I’ve been in the woods for so long that I think some part of me has forgotten that there is more outside than just this. More than the red kissed maples. More than the same stories I’ve read and reread. More than the one tiny grocery store in town. More than the antique store lined streets. More than the heady question of the owl. I’m not ungrateful, in fact, I think I revere this place so much sometimes that I have no room for anything else.
Let me say that I’ve been considering the art science of metamorphosis. Not just visual change, but spiritual and artistic change. How can I not only change how I look, but also I connect and create? I’ve rifled through the classics: Vivienne Westwood, Jean Paul Gaultier, Iris Van Herpen, Rei Kawakubo, etc etc etc. The designers in which I always see more than just mere clothing and instead, whispers of transcendence and becoming, sacred geometry and demolition. I’m not really sure what I’m looking for, maybe it’s just a banal past-time, but it feels important. Who? Who am I looking for?
As I mentioned in my previous blog, I’ve been working to uncover a new relationality between my and the clothing I wear. I think I’ve hit a little bit of a deadend. I don’t think the problem is what I’m wearing per se, but part of me wonders if it’s time to evolve. With all this thinking and preoccupation with self growth, there’s a spiritual disconnect with who I am and how I am presenting myself. The change wouldn’t be radical, it would just be distinct. Perhaps moving away from my signature blazers? Incorporating brighter colors into my wardrobe? Wearing more black… is that even possible?
Westwood’s imperative, “Buy less, choose well & do it yourself!” seems resonant. Part of this disconnect, I know, is coming from the fact that there’s a fundamental paradigm shift occurring within me. I really truly have no desire to buy things anymore. I want to make them. And, if not make them, then at least alter, or more carefully choose. Given that I don’t have any experience with sewing, stitching, etc, this is a source of frustration. Developing these skills, of course, is on the forefront of my mind, but they, like all things, will come in time. There is no overnight solution to this issue, nor is there an easy fix. That, I think, is both a complication and the resolution.

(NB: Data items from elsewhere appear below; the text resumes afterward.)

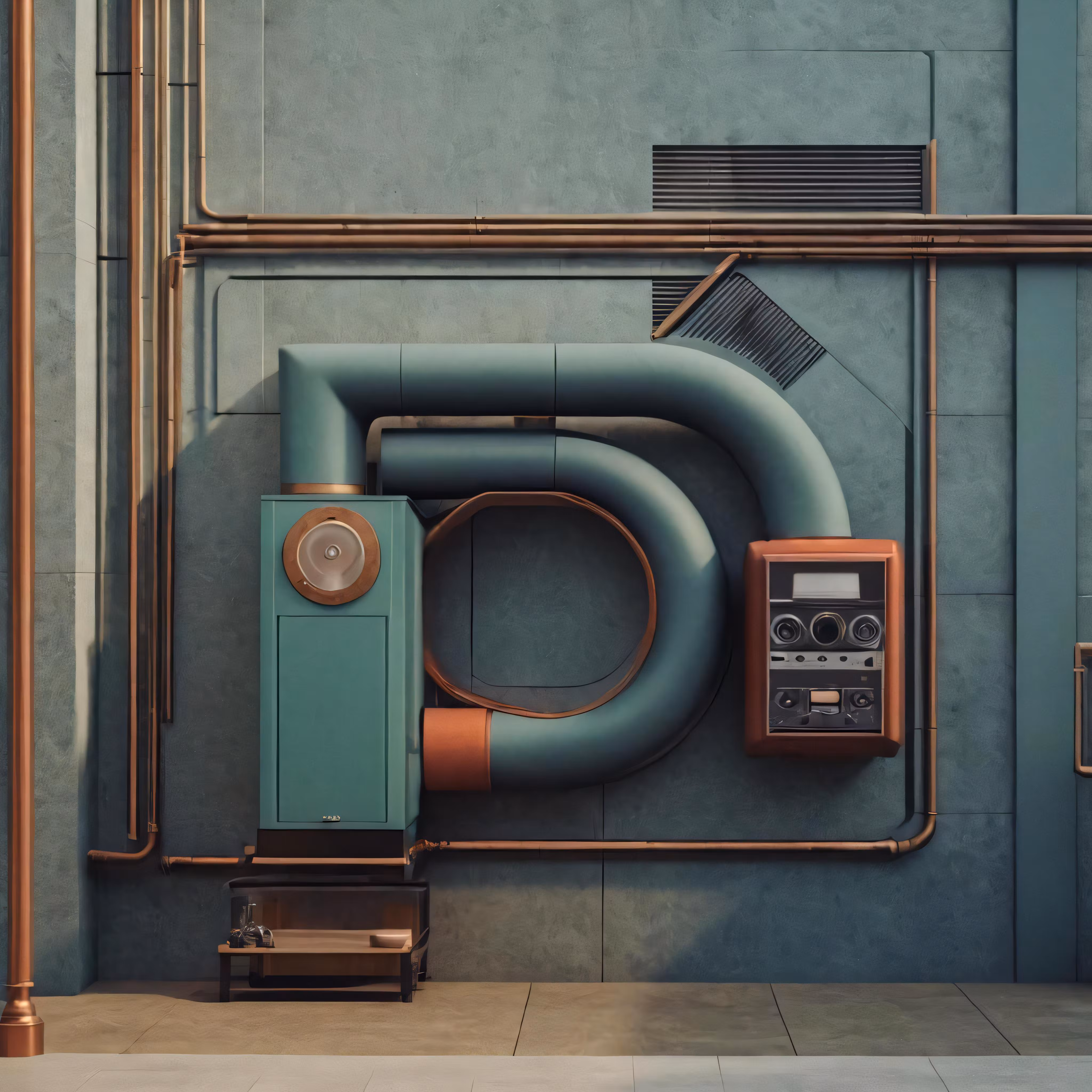 High resolution picture, free to use, a toilet with a blue design with copper piping next to it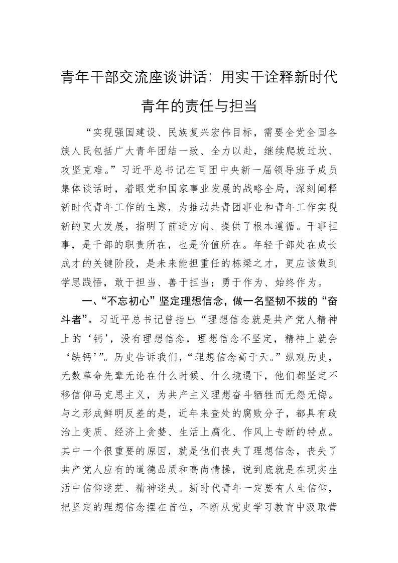 青年干部交流座谈讲话:用实干诠释新时代青年的责任与担当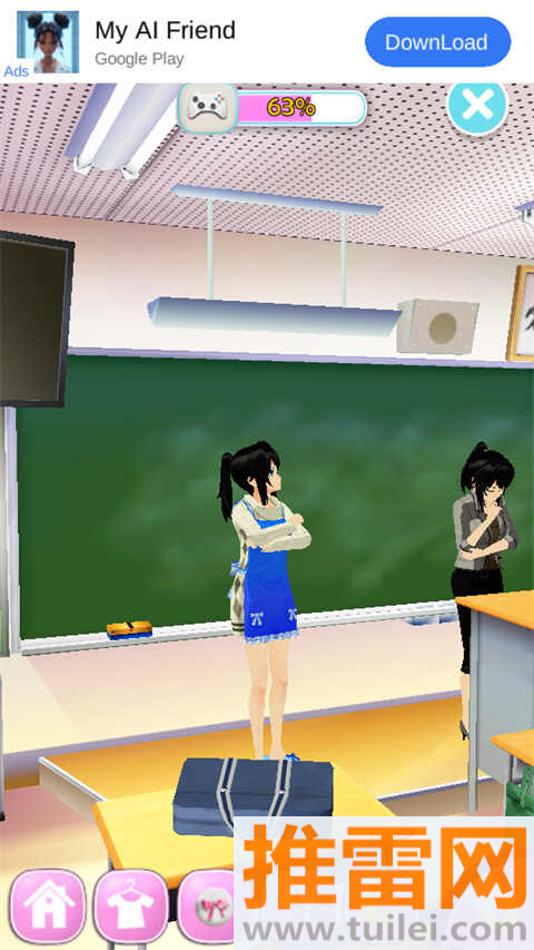 2、如果想看她学跳舞或者上文化课,就直接切换到学校场景,看着她在那里认真学习的样子还挺有成就感的。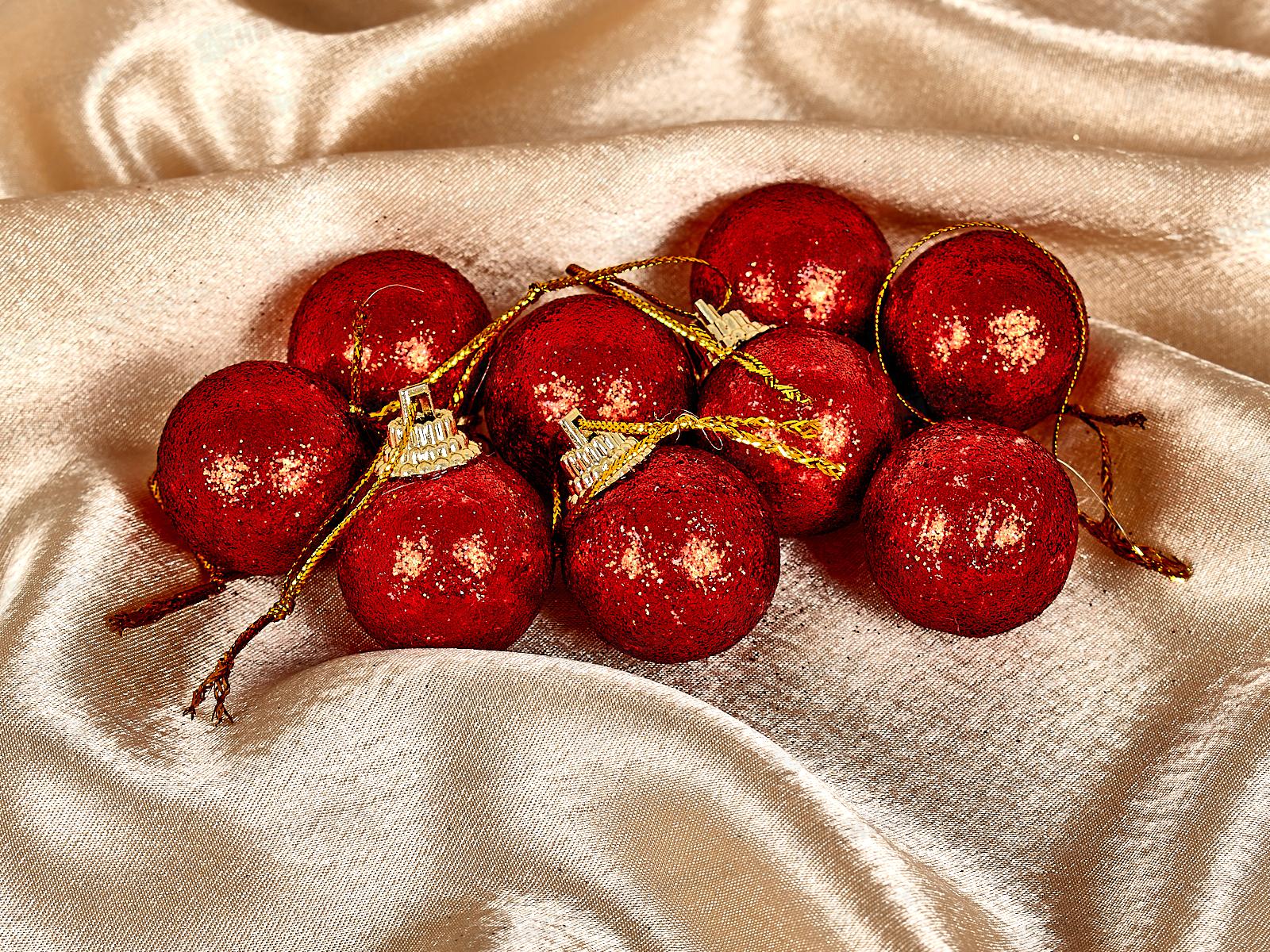 Набор елочных шаров 9шт "Блестящее напыление" 3см красный 201-0526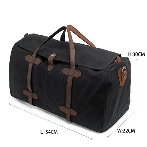 Mupack Waxed Canvas Duffle Weekender Bag Roomy Vintage Mens Holdall Hiking Travel Handbags Satchel Shoulder Pack Black

It’s strange to say, but I don’t think what I want to wear yet exists. The Punk movement, which emerged as responsive and declarative fashion out of a particular socioeconomic context, created their own clothing to shape the world as they saw it. Iris Van Herpen’s gowns look otherworldly and alien. Rei Kawakubo’s work simply looks impossible. I’m looking to wear and create something that is generative of my invisible self. The only way I can find what I want to wear is if I do it myself.

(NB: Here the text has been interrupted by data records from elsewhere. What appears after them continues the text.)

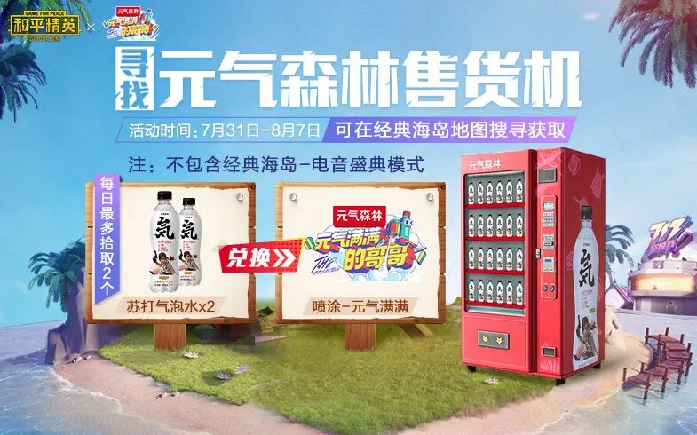 活动期间在经典海岛的元气森林售货机获得苏打气泡水,每日最多拾取2个,可在活动中心兑换喷涂-元气满满奖励。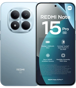 Beide Smartphones setzen auf Glas und Aluminium. Das Redmi Note 15 Pro wirkt mit seiner matten Rückseite edel und liegt mit seinen Maßen von 163,61 x 78,09 x 7,78 mm gut in der Hand. Corning® Gorilla® Glass Victus® 2 und IP68-Zertifizierung sorgen für einen sehr guten Schutz bei Stürzen sowie gegen Staub und Wasser. Das Modell ist in den Farben Glacier Blue, Schwarz und Titanium verfügbar.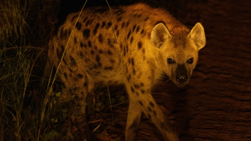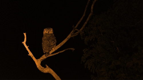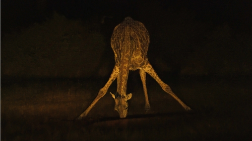 The landscape feels noticeably different. Part of this is due to the change in the human sensory experience – as it gets darker, we can’t see very far into the landscape, and while during the day your eyes would stretch out to find the horizon, at night we are limited to what’s immediately visible in the amber glow of the car headlights that tint everything slightly orange. Sightings are few and far between. The occasional hyena weaves in and out of the dirt road, apparently unperturbed by the roaring Land Cruiser engine. A cautious Spotted Eagle Owl is perched high on a branch. Dozens of impala far off the road are given away by their eyes reflecting the glow of the headlights, and a jackal bounds across the scene with energetic, determined steps. A giraffe crouches down to drink water from a pool, and it suddenly stopping and moving away alerts us to a lone hyena nearby.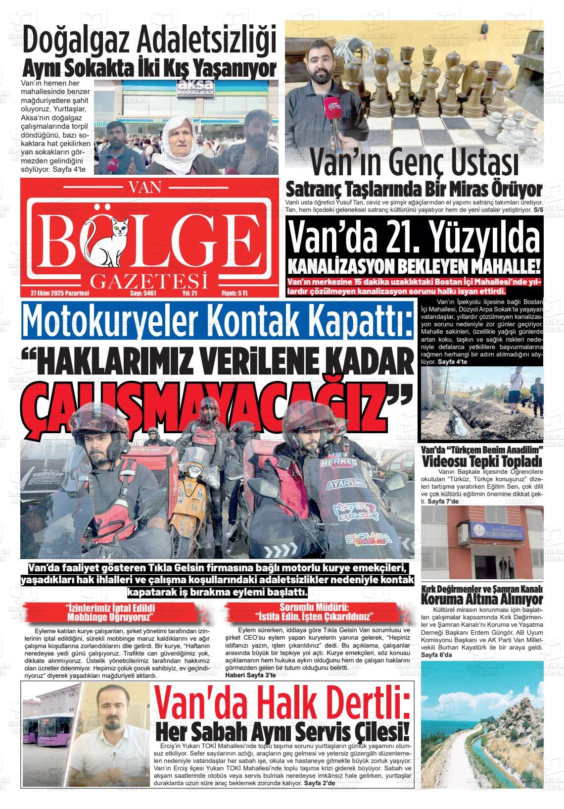 Van Olay Gazetesi’nin 27 Ekim Pazartesi 2025 tarihli manşeti;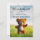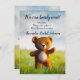 Urso peludo recheado adorável, parado num campo de grama verde com céu indefinido, em belo estilo aquarela. Compartilhe o seu chá de fraldas com amigos e familiares com este adorável convite para chás de fraldas de animais da floresta zoológico.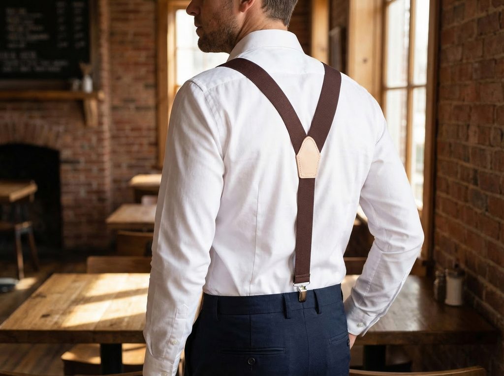 Braune Hosenträger mit beigem Leder lassen sich gut mit einem weißen Hemd, einem dunklen Sakko oder Hosen in Grau- oder Beigetönen kombinieren. Die Kombination aus Braun und Beige wirkt natürlich und passt zu vielen klassischen Looks.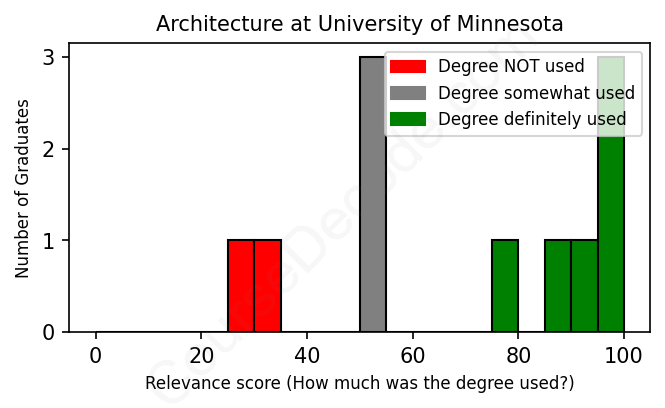 The verdict? Slightly above average. Overall, with an average relevance score of 69%, Architecture graduates from University of Minnesota have a slightly higher likelihood (+2%) of finding work in this field compared to the average graduate across all fields:

Where to start, then? Where to start? I can pick up sewing, of course. I can start dabbling with alteration on my older clothes. I can radically replace everything in my closet over time, donating that which no longer serves me. Or, I can do none of these things. I can choose to do nothing. There’s an aesthetic shift, a reconceptualization happening in me now. I can’t decide if I want to coax it out or let it happen on its own time.

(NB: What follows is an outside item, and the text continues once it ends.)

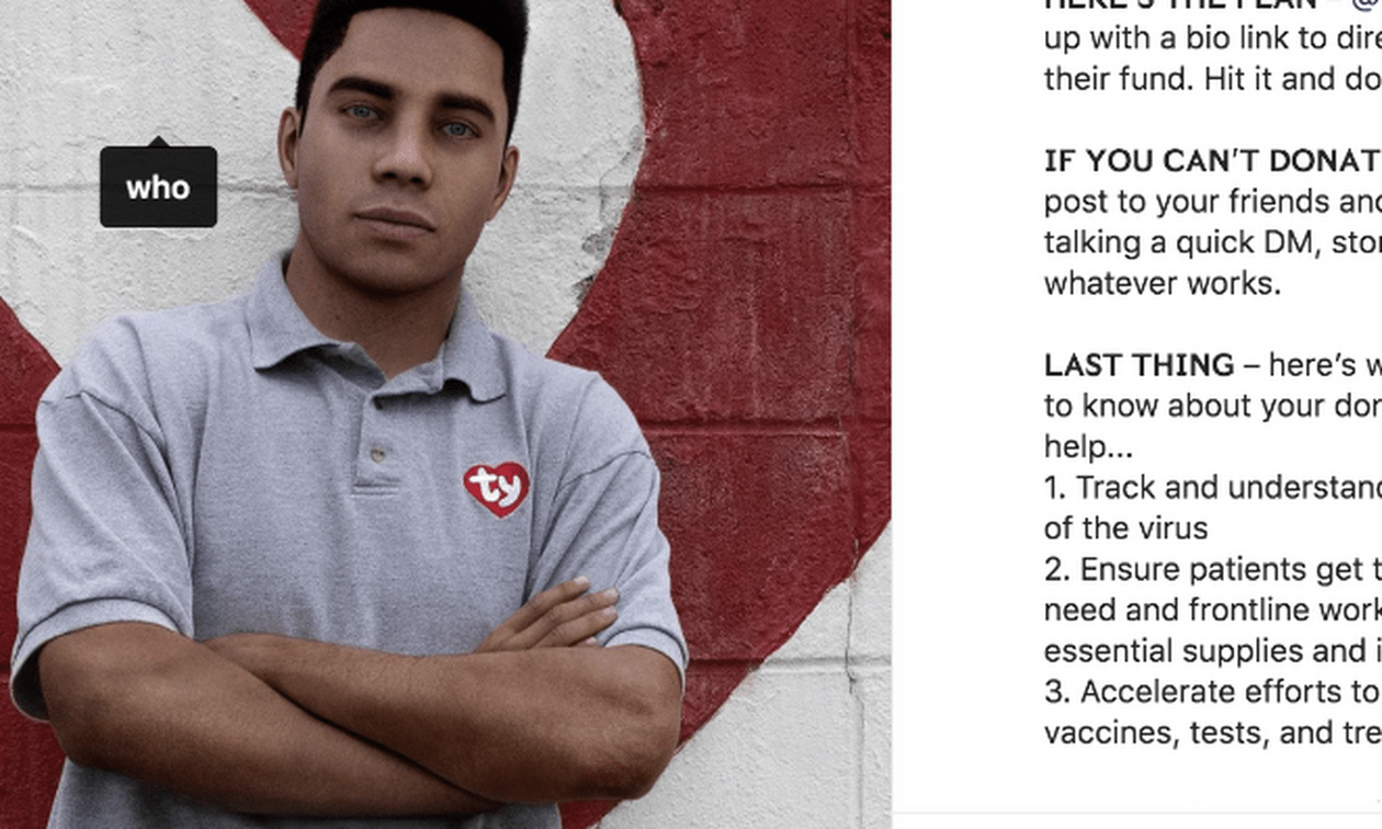 Αναγγέλλοντας την συνεργασία με τον Παγκόσμιο Οργανισμό Υγείας στις 4 Απριλίου, έγραψε στο Instagram: «Συνεργάζομαι με τον @WHO για την καταπολέμηση του κορονοϊού. Ας τους δείξουμε ότι οι νεότερες γενιές είναι σε αυτόν τον αγώνα».

While I’m writing this, I’m staring out my window to the treeline. The branches spread out in such a way that when the wind rushes through, the leaves look like a glittering red sea. The sun has just come up against the hedges, and casts everything in a rich auburn light. Everything is red and green and blue. I think what I’m looking for is starkness. Clarity. A fashion that says what it needs to, and nothing more. Not a return to the basics, but a return to a sort of primal reaction, a flash of lightning. A natural fashion, in all of its organic symmetry and chaos. Something new. Something impossible. Something I do myself.